Futbolculuk mesleğinde ünlü bir orta saha oyuncusu olan Ancelotti, 30 yılı aşkın vakittir teknik yönetici… Bu vakte tam 4 Şampiyonlar Ligi şampiyonluğu, Avrupa’nın en büyük 5 ligi kabul edilen İngiltere, İspanya, İtalya, Almanya ve Fransa liglerinde şampiyonluklar, 3 kere FIFA dünya kulüpler şampiyonluğu, 2 defa yılın kulüp teknik yöneticiliği dahil sayısız kupa ve muvaffakiyet sığdırmış, birçokları için dünyanın en düzgün teknik yöneticilerinden biri.
Özel dalda yıllardır CEO unvanıyla vazife yapan bir dostumun geçenlerde yaptığı konuşmaya şahit oldum. Kullandığı çarpıcı sözlerden birisi beynime kazındı: “stratejik pragmatizm”. Kulağa, oksimoron, yani birbiriyle çelişen ya da büsbütün zıt iki kavramın bir ortada kullanılması üzere geliyor, değil mi? O denli ya, stratejiyi makul bir emele ulaşmak için sabırla, kararlılıkla gidilen yollar, uygulanan dengeli metotlar olarak tanımlıyoruz. Pragmatizmi ise mevcut şartlara uygun, süratli ve esnek uygulamalarla, gerçekçi amaçlara ulaştıracak taktiksel fikirler olarak biliyoruz…
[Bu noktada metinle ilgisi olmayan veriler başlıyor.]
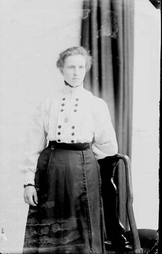 Porträtt av en ung kvinna i ljus blus med dubbla knapprader och mörk klänning.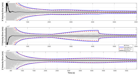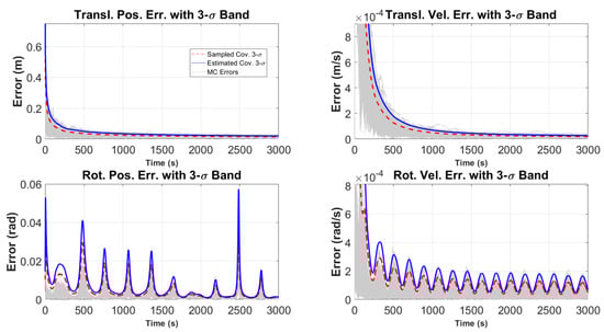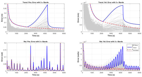 In order to mitigate the impact of missing measurements and maintain estimation quality, we introduce and adjust the process noise covariance matrix  during the eclipse, which starts around the 2000th s of the simulation and continues for approximately 35.57 min. While measurements are unavailable, the fidelity of the uncertainty estimate is merely based on the propagation step. In an ideal scenario, the predicted PDF, approximated as Gaussian by the UKF, perfectly describes the true non-Gaussian PDF, whose shape is unknown. In order to not lose custody of the target with an extreme confident success rate, the UKF predicted covariance needs to guarantee that the full uncertainties of the true PDF are enclosed in its prediction. This aspect is achieved through covariance inflation to ensure that the algorithm counteracts distributions with long tails and many outliers, which usually results from highly nonlinear dynamics (such as ENVISAT’s). The matrix  reflects uncertainties in the system dynamics, and increasing its values during the eclipse according to the covariance-inflating methodology helps to ensure that the predicted uncertainty adequately encompasses the potential spread of the state. This inflation prevents the filter from becoming overconfident in its predictions and helps retain robustness under high nonlinearity and absent measurements. As the system is highly nonlinear, and the distribution becomes non-Gaussian, the noise inflation prevents degeneracy from outlier observations or states, providing robustness from every possible revelation. As shown in the results, the covariance inflation guarantees that every possible Monte Carlo simulation, not just in a  boundary sense, is enclosed in the uncertainty to guarantee that the UKF does not lose fidelity and custody of the target. Once the satellite exits the Earth’s shadow and the eclipse ends, measurement updates resume, and the UKF rapidly reduces accumulated prediction error by incorporating sensor data. To assess the filter’s consistency under these conditions, Monte Carlo simulations were conducted. Figure 18 compares estimated covariances for eclipse and no-eclipse cases, where solid blue lines denote three-sigma bounds from the estimated covariance under eclipse, red dashed lines represent the no-eclipse case, and gray lines show the Monte Carlo errors. In Figure 19, Figure 20, Figure 21 and Figure 22, red dashed lines show three-sigma values from the sampled errors, solid blue lines represent the three-sigma values from the estimated covariance, black lines show the mean error, and gray lines denote the Monte Carlo realizations.

Aslında o denli değil!.. Şayet değişen şartlara karşın, farklı rakipler karşısında daima muvaffakiyet elde etmek istiyorsanız “stratejik pragmatizme” başvuracaksınız. Sizi siz yapan kıymetleriniz ve yetkinlikleriniz stratejinizin özünü oluştururken, muvaffakiyete adanmışlığınız, gerçekçiliğiniz, esnekliğiniz, öngörünüz ve yüreğiniz de pragmatik tahlillerinizi belirleyecek. Guardiola, Klopp, Mourinho, Van Gaal, ve başkaları… Hepsi başarılı ve saygıyı hak ediyor; hepsinin inan(dır)dığı kendi yolu var… Öteki yanda ise bana nazaran futbol dünyasının en “stratejik pragmatist” iki teknik yöneticisinden birincisi Carlo Ancelotti’dir (İkincisi de Zinedine Zidane). Bilhassa Ancelotti, farklı ülkelerde, farklı takım yapılarıyla, farklı rakiplere karşı, uzun bir vakit dilimine yayılmış çok muvaffakiyete daima tıpkı yoldan ulaşmış olabilir mi?.. Sanki bu iki ismin “stratejik pragmatizm” üslubuna sahip oluşlarında, mesleklerinin ortak istasyonu Real Madrid “tornasının” tesiri var mıdır?.. Yahut tam da bu baskın nitelikleri sayesinde mi Real Madrid’de teknik işverenlik yapabilmişlerdir?.. Bu soruları şimdilik bir kenarda tutalım.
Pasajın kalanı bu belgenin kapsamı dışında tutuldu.